Suprun denied the accusations and said procurement was going as planned.

The exchange led to a weeks-long public discussion, with many civic activists siding by the health ministry and the reform of procurement, which Todurov criticized.

“The reform works, it takes the money away from those (involved in corrupt schemes), and they are losing crazy big money,” Stefanyshyna said. “So now they’re trying to bury the reform completely.”

Long way to go

Janthomas Hiemstra, the country director of United Nations Development Program in Ukraine, said that all the fuss over procurement through international organizations means that lots of people are losing money and are not happy with the new rules.

“Every year Ukraine spends probably more on health care than most countries in the region,” he says. “However, the life expectancy of Ukrainian people is 10-15 years lower than in other countries. I have to admit that over decades, investment in the health sector has been dissipating.”

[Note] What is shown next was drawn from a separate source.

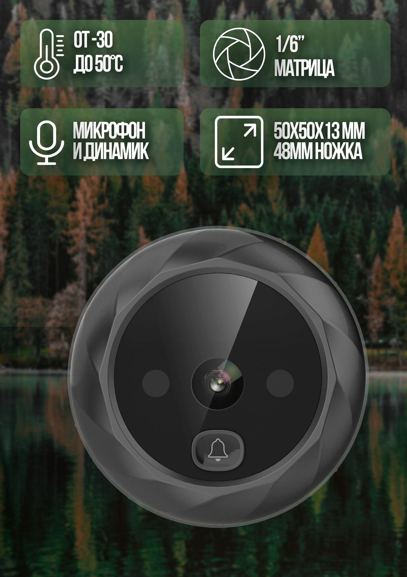Купить Видеоглазок Sunrise для входной двери с записью фото и звонка, с ИК- подсветкой
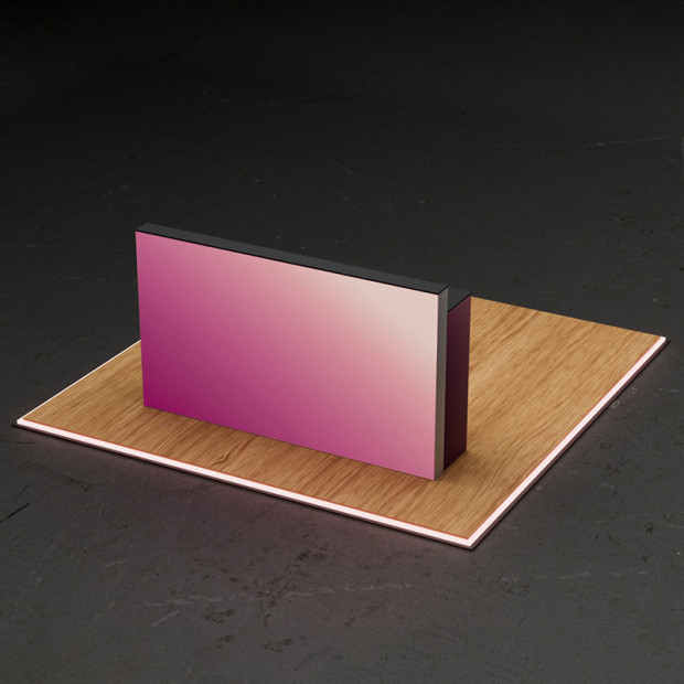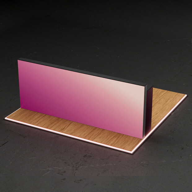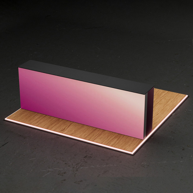 Die beiden vorderen Counter werden über das S-02 Extension Set verbunden und teilen sich eine durchgehende Stoffgrafik, was eine besonders breite, unterbrechungsfreie Leuchtfläche ermöglicht.

He praised Ukraine for admitting the problem and inviting “fresh parties,” not involved in the system, to help with procurement. However, this is just a beginning of what has to be done, he said.

He said Ukraine has to create a state institute to buy medicines for the entire country.

“We do not intend to procure medicine forever, that is not our role, it’s just to give the country opportunity to think, to put something new in place,” he said.

Suprun said the working group under the Health Ministry has already started working on the procurement body, which is expected to be launched by 2019.

Janthomas Hiemstra, the country director of United Nations Development Program in Ukraine, talks to the Kyiv Post reporter in the UNDP office in Kyiv.

Janthomas Hiemstra, the country director of United Nations Development Program in Ukraine, talks to the Kyiv Post reporter in the UNDP office in Kyiv. (Volodymyr Petrov)

Hiemstra also noted that there are a number of the medications on the government’s list of drugs for procurement that are outdated and should be substituted with newer ones, but some of them are specified in legislation.

Oleksandra Ustinova, a board member at the Anti-Corruption Action Center, also named several problems Suprun’s team still has to resolve in terms of reforming the health care system.

One of them is the bureaucratic process of licensing new drugs for import. Another is the huge amount of labs that belonged to the corrupt sanitary-epidemiological inspection, a service that has now been deprived of most of its powers. Now, the Health Ministry needs to perform a major restructuring to find a place for about 800 idle labs in the new system. As of now, they are still financed from Ukraine’s budget, but “nobody knows who uses the results of the research, and for what,” according to Viktor Liashko, head of non-government organization Infection Control.

Ustinova also said that Ukraine spends the largest share of its health budget on financing state hospitals, which is ineffective, since it is proportional with the number of beds.

Oleksandr Bablyak, a cardiac surgeon from Dobrobut, a Ukrainian chain of private clinics, also said that many of Ukraine’s state hospitals have been prolonging their patient’s stays to justify bigger financing for the clinic. Bablyak spent 23 years working in state health care, but says he had to leave, as he couldn’t perform at his best within the limitations of the state healthcare system, with its lack of financing and equipment.

“If a patient who had a surgery can be sent home in seven days or in 14, and the hospital has not that many patients, then the patient might stay for a longer period,” Bablyak said. “But the number of people effectively treated won’t grow in this way.”

Suprun plans to reform the system in a way that allows “money to follow the patient,” with hospitals getting more financing should more patients obtain treatment there.

However, most of the changes that the new team at the Health Ministry needs to implement will depend on Ukraine’s parliament, Ustinova said. And considering previous experience, there is a risk that it won’t be easy. For now, Ustinova added, Suprun’s team is trying to resolve problems with the ministry’s decrees and bylaws to get as far as they can on their own.

“We can only hope there will be enough political will to adopt this legislation,” Ustinova said.